On February 9, Faytene Grasseschi posted a statement on X “to clarify a few things regarding [her] positions and beliefs as it [sic] relates to possible future public service.” Unfortunately, her clarification doesn’t clarify very much.
Let’s start with the first sentence. Her intention, she asserts, is to clarify her positions and beliefs insofar as they relate to her possible role as an MLA. Otherwise, they’re off the table. That leaves us scratching our heads, wondering what we are to make of her belief in witches. Seriously. I’m not making it up. In Marked: A Generation of Dread Champions Rising to Shift Nations, she claims to have contracted autoimmune hepatitis in 2000 after preaching “at a coffee shop where a witches’ coven was meeting.” The disease resulted, she writes, from “some direct witchcraft that had been done against me.”
Next, Grasseschi says that “one of her least favourite things in politics is mudslinging.” Fair enough. It’s my least favourite thing too. Let’s agree to stick to the issues. And let’s agree to stick to the facts, including the fact that abortion does not lead to cervical and breast cancer and the fact that it does not lead to depression. As the Bible says, “A false witness shall not be unpunished, and he that speaketh lies shall perish” (Proverbs 19:9).
Maybe it’s me, but I’m incredulous when Grasseschi promises “to cultivate civility and kindness in public dialogue at all times” because Marked lacks civility and kindness, especially when she worries about “the gay agenda,” “sodomistic strongholds,” and “legalized sodomy.” At one point, she openly muses in a “cheeky” kind of way – to use her word – that same sex marriage could lead to interspecies marriage – and presumably bestiality – in the form a man marrying a dog and a woman a fish. Cheeky is one word for it. Uncivil is another. And unkind is yet another.
According to Grasseschi, her book was written many years ago. While we can debate the definition of “many,” it was 2009 and she was 34, meaning she was an adult.
Indeed, she refuses to clarify, or even acknowledge, any of this. And she certainly doesn’t apologize for it because, I suspect, she doesn’t think that she has anything to apologize for. Same-sex marriage and homosexuality – or what she calls “legalized sodomy” – dishonours “the Lord’s divine order in sexual relations,” and that order – at once cis and heteronormative – is outside of history and therefore not subject to change over time.

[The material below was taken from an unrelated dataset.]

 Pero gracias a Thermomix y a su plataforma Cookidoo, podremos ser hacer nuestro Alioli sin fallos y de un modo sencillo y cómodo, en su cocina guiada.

Finally, Grasseschi states – “without reservation” – that she respects our laws and that she respects “every person for who they are”: “each person,” she writes, “is worthy to be treated with honour, kindness and dignity.” But that’s the bare minimum. I mean, it’s expected that lawmakers will respect the law. And it’s expected that they will value everyone for who they are. For that matter, it’s expected from all of us. “Thou shalt love thy neighbour as thyself” (Matthew 22:39).

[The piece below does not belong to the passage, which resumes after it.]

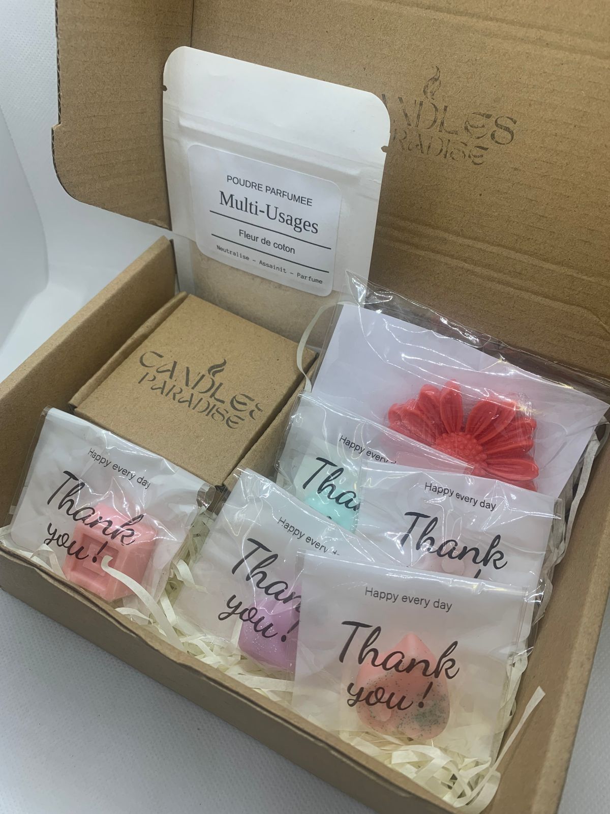 Offrez à votre maman un moment de détente absolue avec notre box “Douce Maman”. Une sélection raffinée de bougies et fondants parfumés pour dire “je t’aime” avec tendresse et élégance. Parfaite pour créer une ambiance cocooning, pleine de douceur et de gratitude.

Grasseschi’s non-clarification clarification appears to draw on the injunction, common in some Christian circles, to hate the sin, but love the sinner. However – and I can’t believe that I need to say this – homosexuality and same-sex marriage are not sins.
Until Grasseschi clarifies her statements in Marked, and until she acknowledges that abortion does not lead to higher incidences of some cancers and higher rates of depression, her statement on X only leads to more questions about her beliefs, including her belief that a coven of witches put a hex on her in some coffee shop.
Donald Wright is a professor of political science at the University of New Brunswick.